Why This Matters
When one service in your system goes down, every service that depends on it starts accumulating timeouts and errors. Those services then become slow, causing their callers to time out too. This is a failure cascade -- a single failure that spreads across your entire system like falling dominoes.
A circuit breaker stops this cascade by detecting repeated failures and short-circuiting requests to the failing service. Instead of waiting 30 seconds for a timeout, the circuit breaker immediately returns an error, freeing up resources and preventing the failure from spreading. It is named after the electrical circuit breaker that prevents house fires by cutting power when it detects a dangerous current.
Define Terms
Visual Model
The full process at a glance. Click Start tour to walk through each step.
Circuit breaker states: Closed (normal), Open (failing fast), Half-Open (testing recovery).
Code Example
// Circuit breaker implementation
class CircuitBreaker {
constructor(options = {}) {
this.failureThreshold = options.failureThreshold || 5;
this.resetTimeout = options.resetTimeout || 30000; // 30 seconds
this.state = "CLOSED";
this.failureCount = 0;
this.lastFailureTime = null;
this.successCount = 0;
}
async call(fn) {
if (this.state === "OPEN") {
// Check if timeout has elapsed
if (Date.now() - this.lastFailureTime >= this.resetTimeout) {
this.state = "HALF_OPEN";
console.log("Circuit HALF-OPEN: testing...");
} else {
throw new Error("Circuit breaker is OPEN - request rejected");
}
}
try {
const result = await fn();
this.onSuccess();
return result;
} catch (error) {
this.onFailure();
throw error;
}
}
onSuccess() {
this.failureCount = 0;
if (this.state === "HALF_OPEN") {
this.state = "CLOSED";
console.log("Circuit CLOSED: service recovered");
}
}
onFailure() {
this.failureCount++;
this.lastFailureTime = Date.now();
if (this.failureCount >= this.failureThreshold) {
this.state = "OPEN";
console.log(`Circuit OPEN after ${this.failureCount} failures`);
}
}
getState() {
return this.state;
}
}
// Usage
const breaker = new CircuitBreaker({ failureThreshold: 3 });
let attempts = 0;
async function flakyService() {
attempts++;
if (attempts <= 4) throw new Error("Service down");
return "Success!";
}
async function demo() {
for (let i = 0; i < 5; i++) {
try {
const result = await breaker.call(flakyService);
console.log("Result:", result);
} catch (e) {
console.log(`Attempt ${i + 1}: ${e.message} [${breaker.getState()}]`);
}
}
}
demo();Interactive Experiment
Try these modifications to understand circuit breaker behavior:
- Change the failure threshold to 1 and observe how quickly the circuit opens. Then change it to 10. What are the tradeoffs?
- Add a fallback function that returns cached or default data when the circuit is open.
- Implement the bulkhead pattern: limit the number of concurrent requests to a service so one slow service cannot consume all your threads.
- Add metrics tracking: count total requests, successful requests, rejected requests, and circuit state transitions.
Quick Quiz
Coding Challenge
Write a function called `shouldTripCircuit` that takes an array of recent request results (true for success, false for failure) and a failure rate threshold (a decimal like 0.5 for 50%). Return true if the failure rate exceeds the threshold.
Real-World Usage
Circuit breakers are standard in production microservice architectures:
- Netflix Hystrix: The original library that popularized the circuit breaker pattern. Though now in maintenance mode, its ideas are embedded in every modern service mesh.

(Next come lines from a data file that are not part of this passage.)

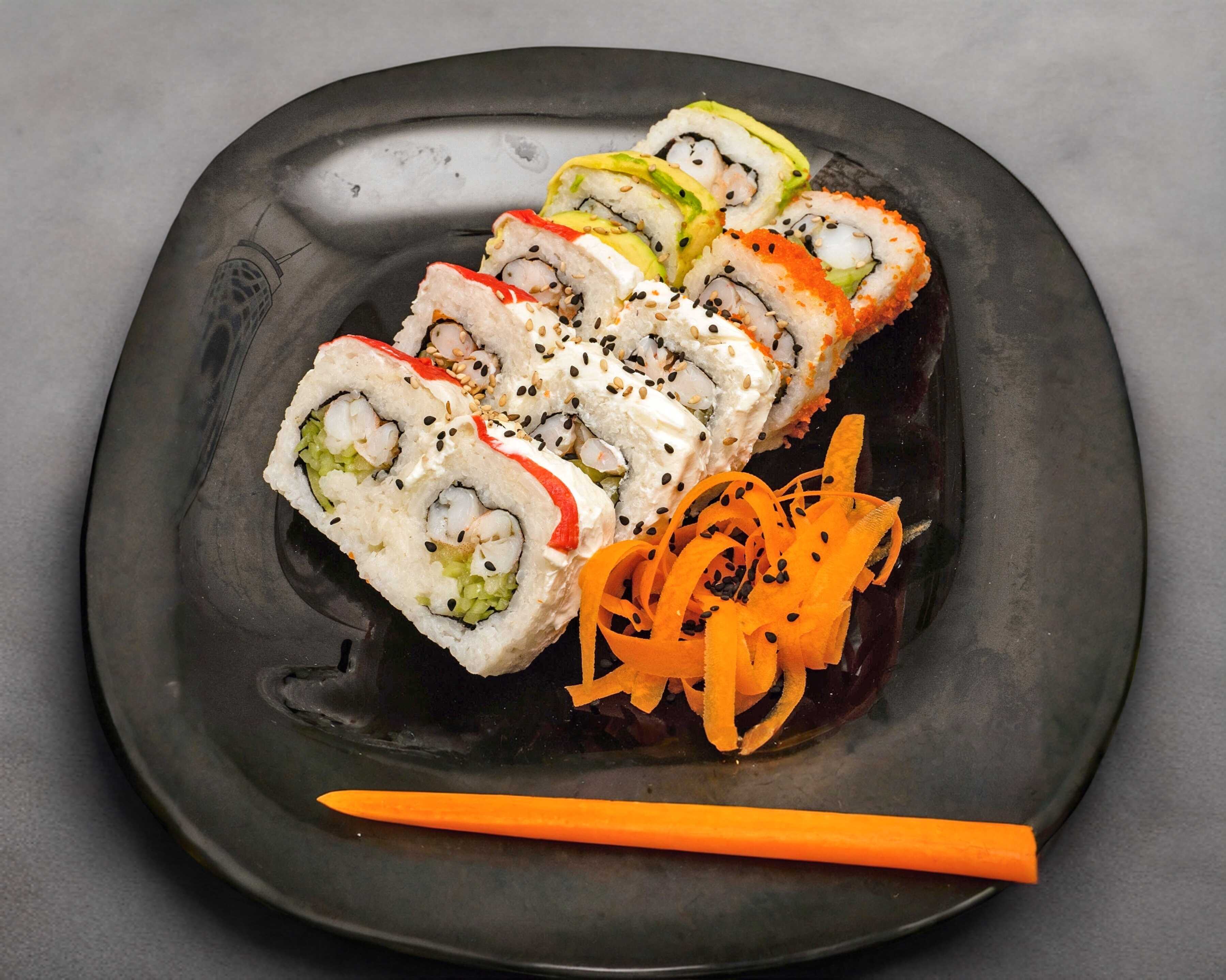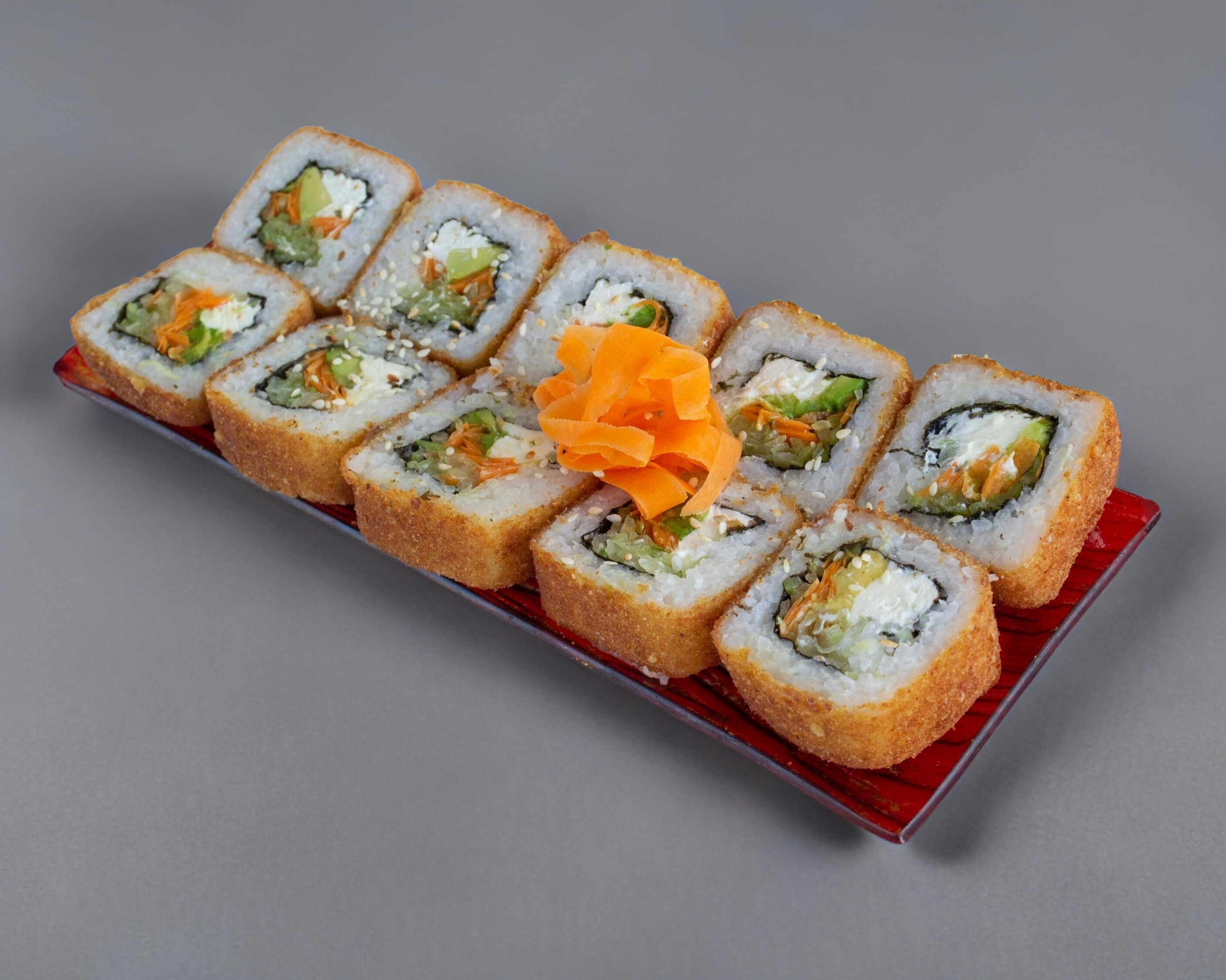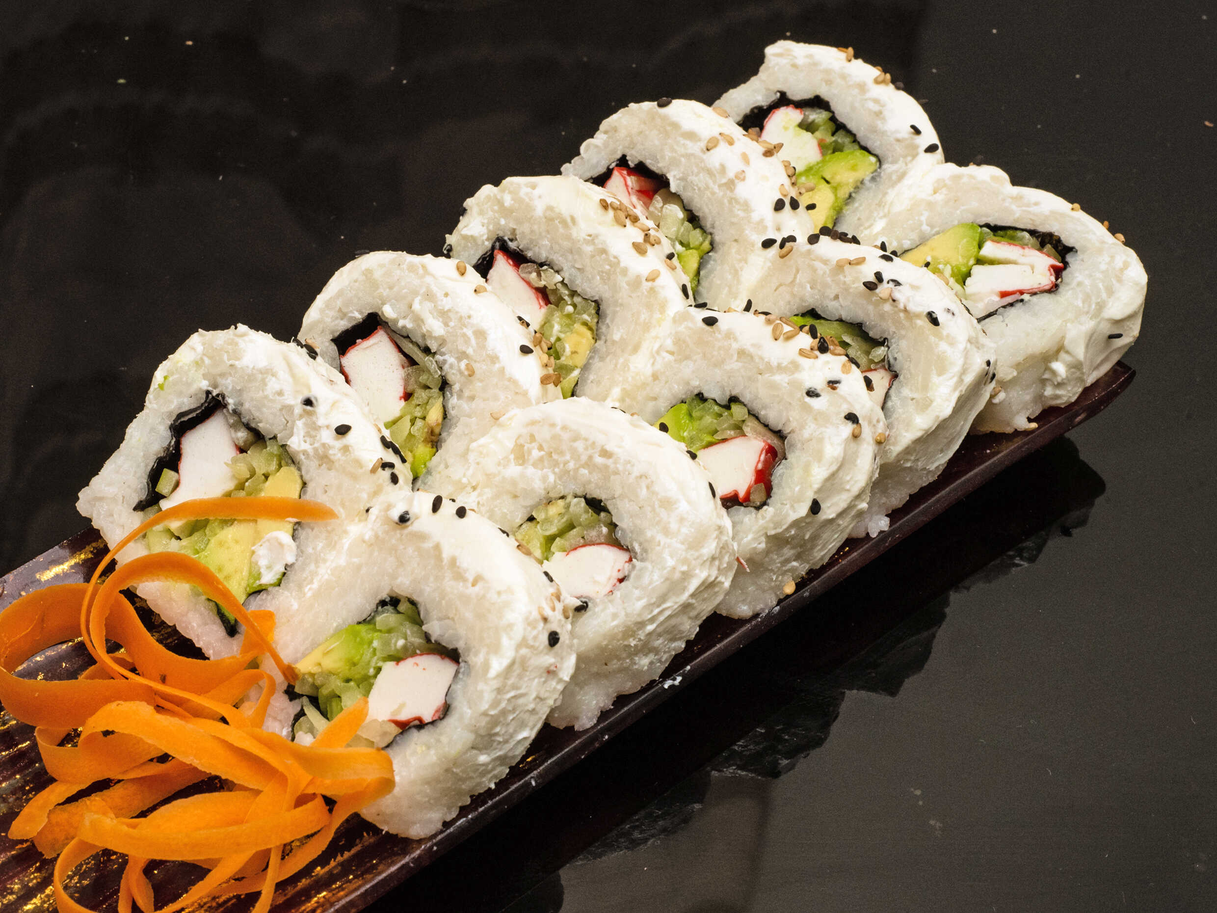 Rollo capeado relleno de camarón empanizado, surimi, aguacate y queso crema.
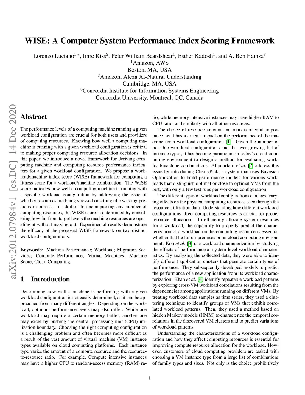 The performance levels of a computing machine running a given workload configuration are crucial for both users and providers of computing resources. Knowing how well a computing machine is running with a given workload configuration is critical to making proper computing resource allocation decisions. In this paper, we introduce a novel framework for deriving computing machine and computing resource performance indicators for a given workload configuration. We propose a workload/machine index score (WISE) framework for computing a fitness score for a workload/machine combination. The WISE score indicates how well a computing machine is running with a specific workload configuration by addressing the issue of whether resources are being stressed or sitting idle wasting precious resources. In addition to encompassing any number of computing resources, the WISE score is determined by considering how far from target levels the machine resources are operating at without maxing out. Experimental results demonstrate the efficacy of the proposed WISE framework on two distinct workload configurations.
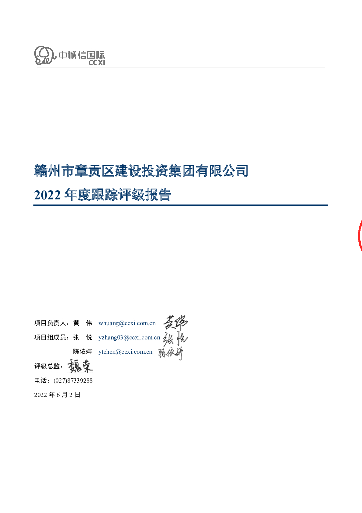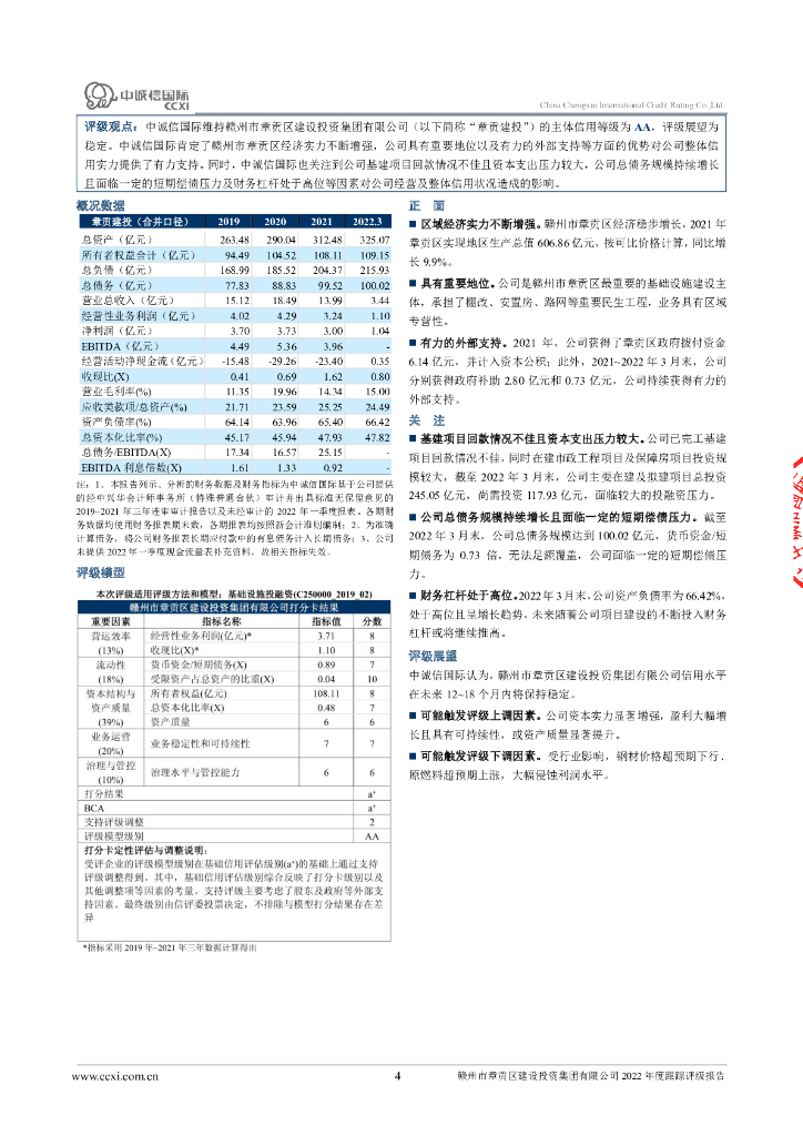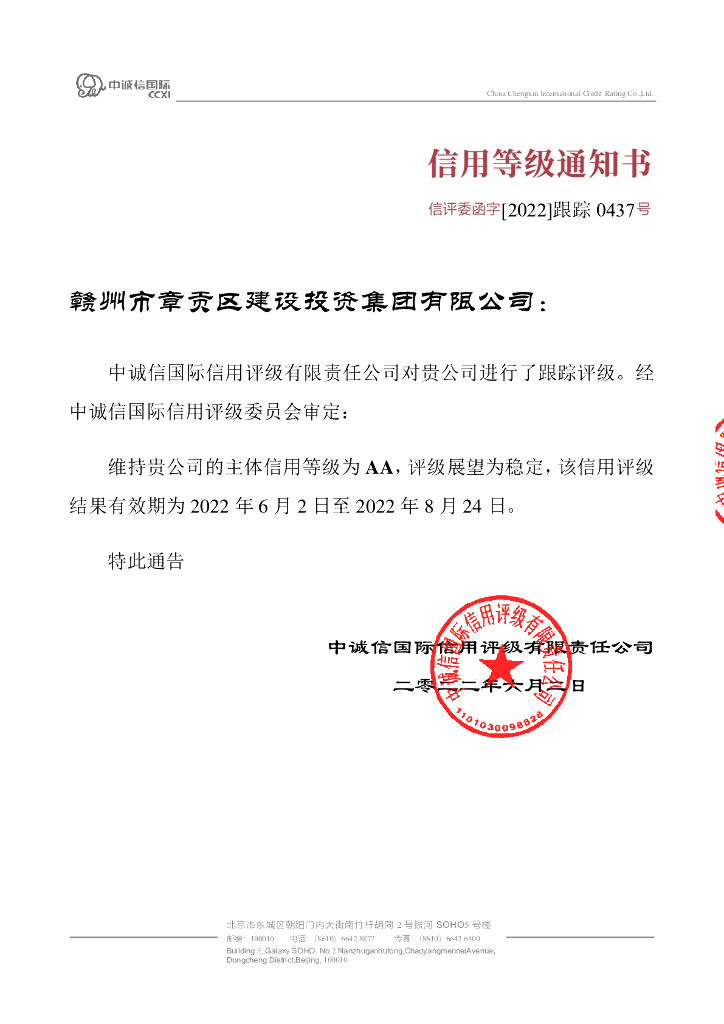 中诚信:赣州市章贡区建设投资集团有限公司2021年度第一期中期票据2022年度跟踪评级报告.pdf
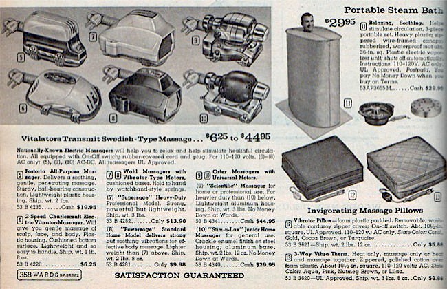 There’s also a portable steam bath, for those times when you wish you could immobilize your husband, and wish you weren’t tied down to a static, immovable steam bath.
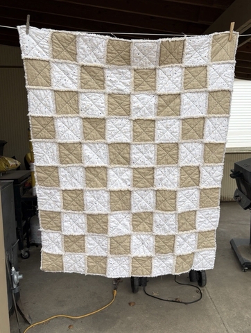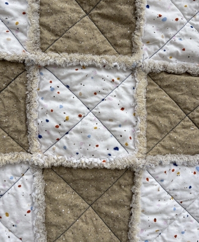 Handmade rag quilt. It has been washed and dried twice to start the ragging process. The more it is washed and dried, the 'snugglier' it becomes. It measures 42" x 52".

- Resilience4j: A lightweight Java library for fault tolerance with circuit breakers, rate limiters, bulkheads, and retries.
- Istio/Envoy: Service mesh proxies implement circuit breakers at the infrastructure level, requiring no code changes in your services.
- AWS App Mesh: Provides circuit breaker functionality as part of the service mesh for ECS and EKS workloads.
- Polly (.NET): A .NET resilience library supporting circuit breakers, retries, and fallbacks.